Running Vicuna locally: the complete idiot's guide to basically running ChatGPT on your own laptop for free

The new Vicuna-13B large language model is a Very Big Deal. A big enough deal to drive one of the biggest players in AI into a state of panic. Why? Because it produces results of near-ChatGPT quality with a model that’s a fraction of the size, is freely available, and runs comfortably on consumer-grade laptops instead of requiring a massive server farm.

This feels like a flashbulb moment for AI, and I think it’s important enough of a milestone that people should experience and contemplate it themselves first-hand. That goes for AI fanbois and doomers, alike.
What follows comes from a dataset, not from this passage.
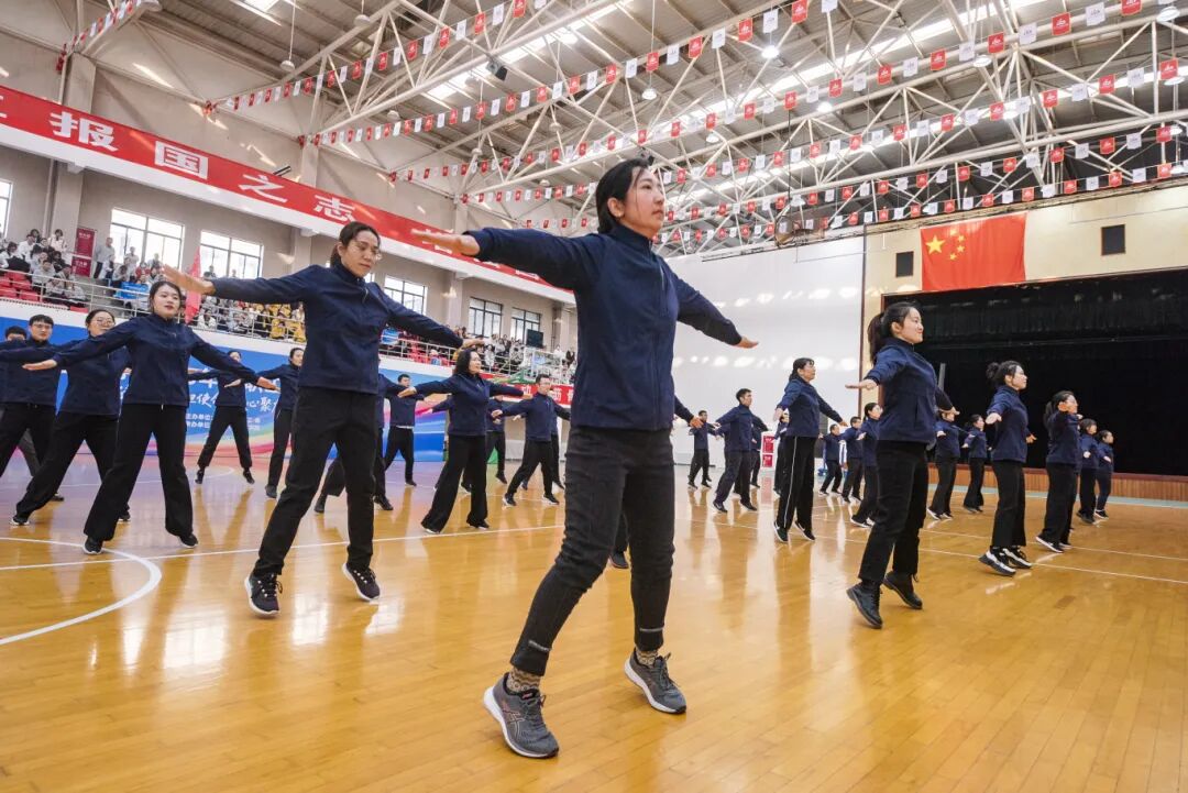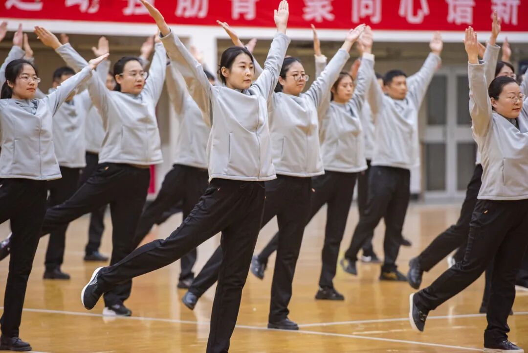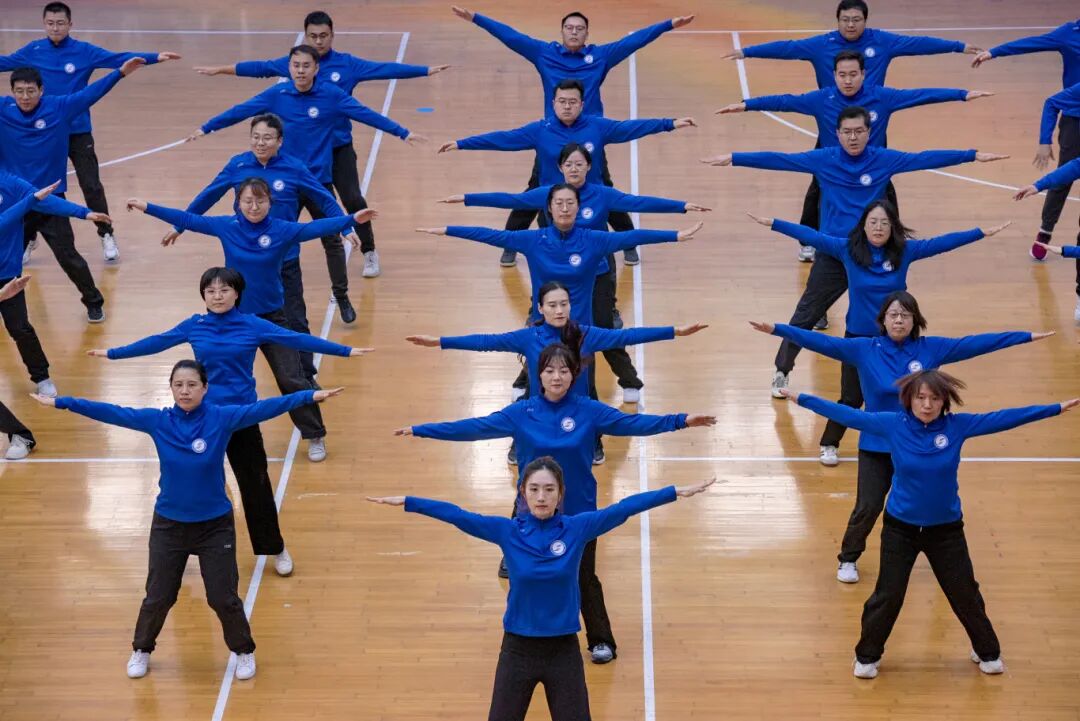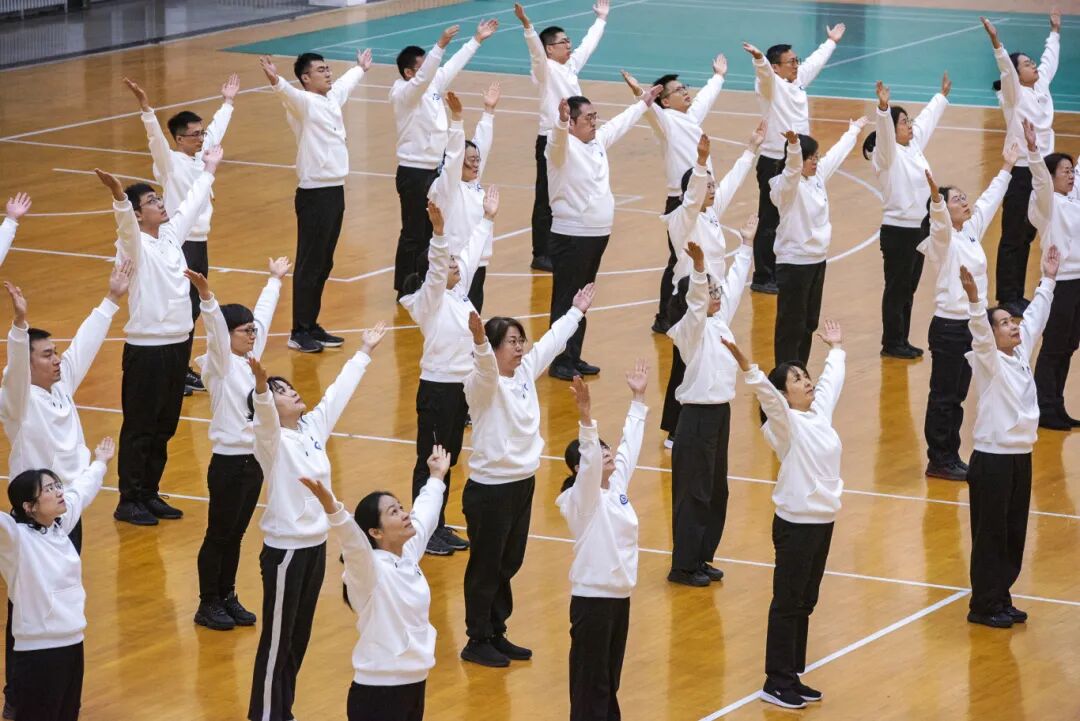 开幕式上,党委副书记白青宣布比赛开幕。伴随着悦动的音乐旋律,花球啦啦操表演燃动全场,展现了青年学子的青春活力。比赛现场气氛热烈,各代表队身着统一服装依次登场。本次大赛分为第九套广播体操和八段锦两个类别,参赛教职工精神饱满,动作规范整齐、娴熟流畅,队列整齐划一,成员间默契配合,每一个抬手、转身动作都利落标准,展现出广大教职工自信、自强的风采。评委组围绕“动作协调性”“精神面貌”“整体表现力”的核心维度进行综合打分,全程严守评审准则。

The good news is that you don’t need to be an expert to try this for yourself. Thanks to the efforts of the open source community, even armchair amateurs like me can do it. All you need is a Mac with an Apple Silicon CPU (i.e. M1 or M2) and the willingness to copy and paste some commands.

When you’re done, you’ll have something that is nearly as good as ChatGPT, if noticeably slower. But it will be running entirely locally, on your own laptop, with complete privacy and freedom. Quite the feat.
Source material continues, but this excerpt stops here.